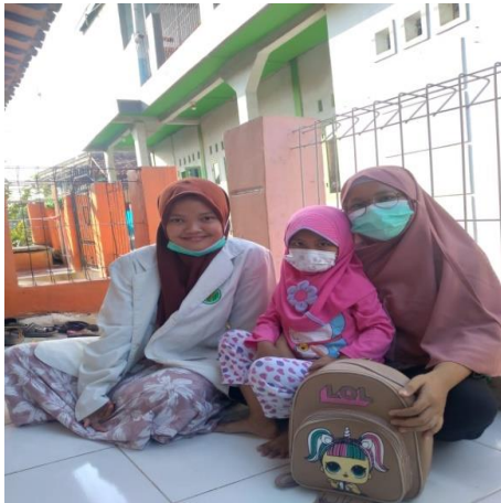
FOTO BERSAMA ORANG TUA
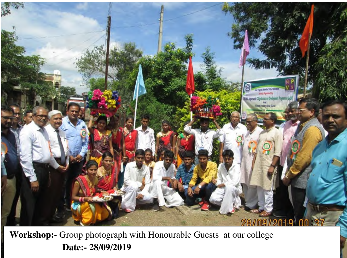
Workshop:- Group photograph with Honourable Guests at our college Date:- 28/09/2019
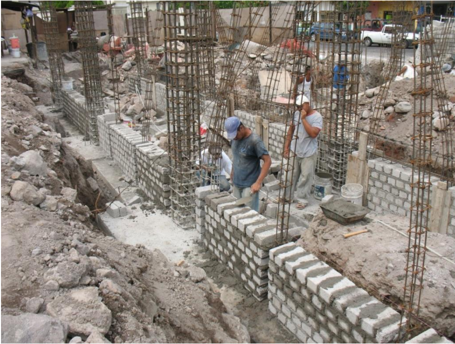
Construcción de aulas y Cubículos de P.T.C.- Departamento de Danza I.U.B.A.
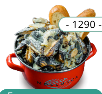
Груша, пармезан 0.3кг
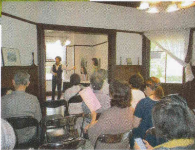
歴史を感じる旧宣教師館でのカンツォーネ

Aim of the exercise: Copy out all the entries precisely. No images.

Response box:
FOTO BERSAMA ORANG TUA
Workshop:- Group photograph with Honourable Guests at our college Date:- 28/09/2019
Construcción de aulas y Cubículos de P.T.C.- Departamento de Danza I.U.B.A.
Груша, пармезан 0.3кг
歴史を感じる旧宣教師館でのカンツォーネ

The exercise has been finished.